За артподготовкой последовало наступление пехоты и неизбежный рукопашный бой. На белом покрывале, тут и там, запестрели алые пятна.
Такое поведение студентов, воспитанных в духе пролетарского интернационализма, чего уж тут скрывать, было возмутительным, но давайте не будем сыпать скороспелыми обвинениями, а взглянем на проблему шире.
Конфликт этот, положа руку на сердце, назревал давно.

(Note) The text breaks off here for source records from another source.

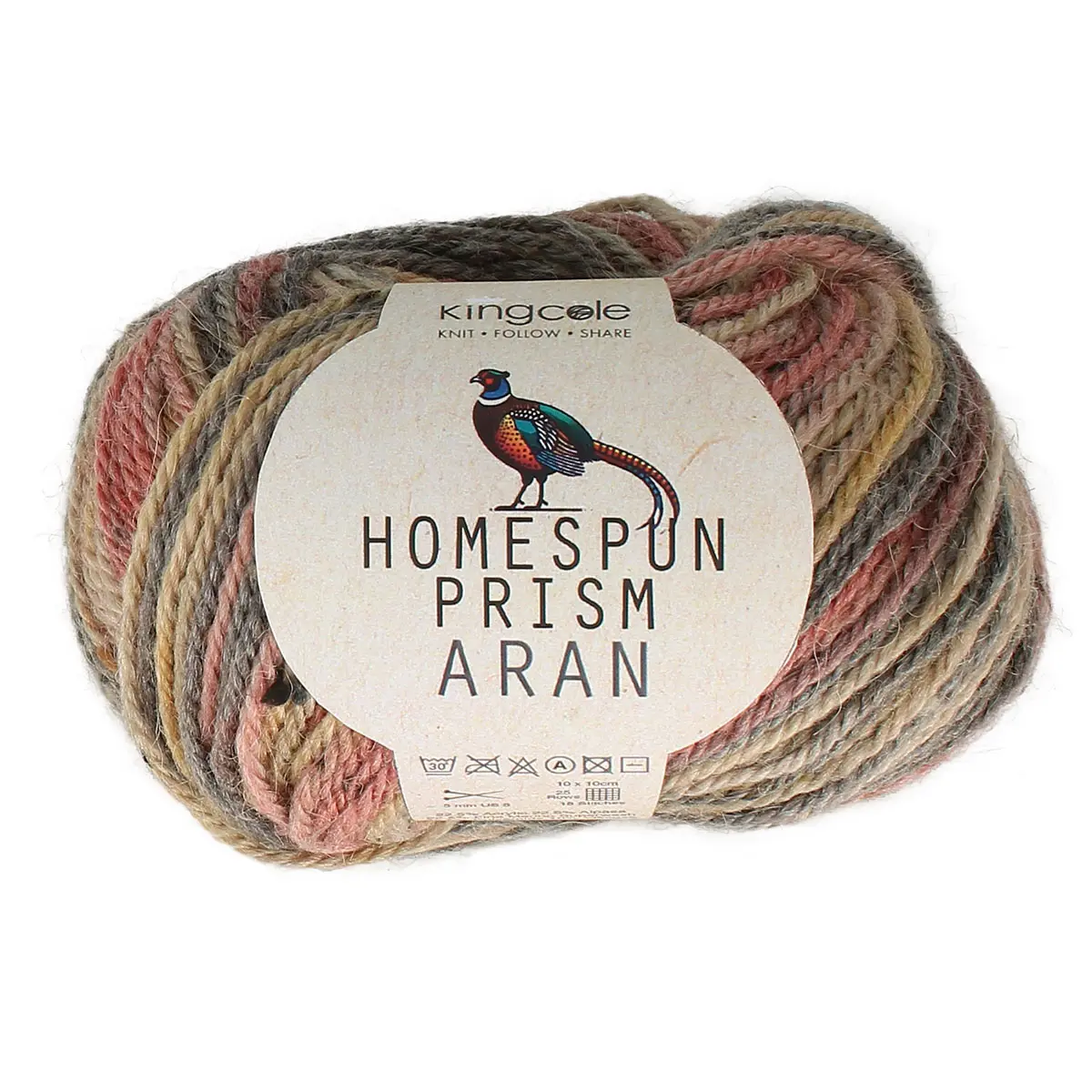 Say hello to the latest addition to our Homespun family: Homespun Prism Aran. This soft, richly tonal yarn offers a refined twist on our popular Prism DK—now in a versatile Aran weight with a blend of 22.5% Fine Merino Superwash, 22.5% Alpaca, 30% Acrylic, 22.5% Polyamide, 2.5% Viscose
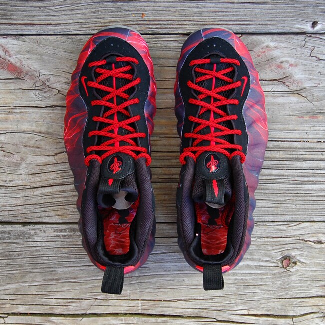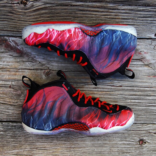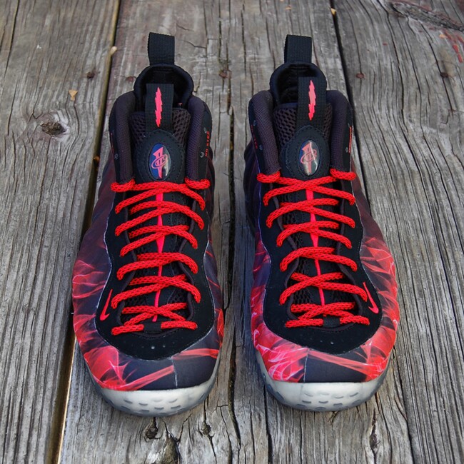 This custom foamposite blends the zombie mist gradient theme seen on the Zombie in South Beach with a gradient background with a new color scheme: black and red. The result is a devilish dish created from an authentic Fighter Jet Foamposite.
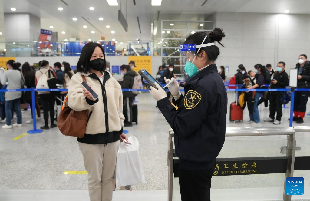 A staff member of the customs of Shanghai Pudong International Airport checks the information of an inbound passenger in east China's Shanghai, Jan. 8, 2023. From Sunday, China starts managing COVID-19 with measures designed for combating Class B infectious diseases, instead of Class A infectious diseases. (Xinhua/Ding Ting)

Во-первых, некто Батый ещё в 1243-м году обложил данью князя Ярослава и заставил его проскакать на коне тысячу вёрст — поклониться в ноги хану. Со своей бандой отпетых головорезов он периодически совершал набеги на русские города и сёла, портя урожай и девушек. Двести с лишним лет продолжалось ненавистное иго, и даже итоговая победа Пересвета над Кочубеем не смогла устранить некоего горького послевкусия.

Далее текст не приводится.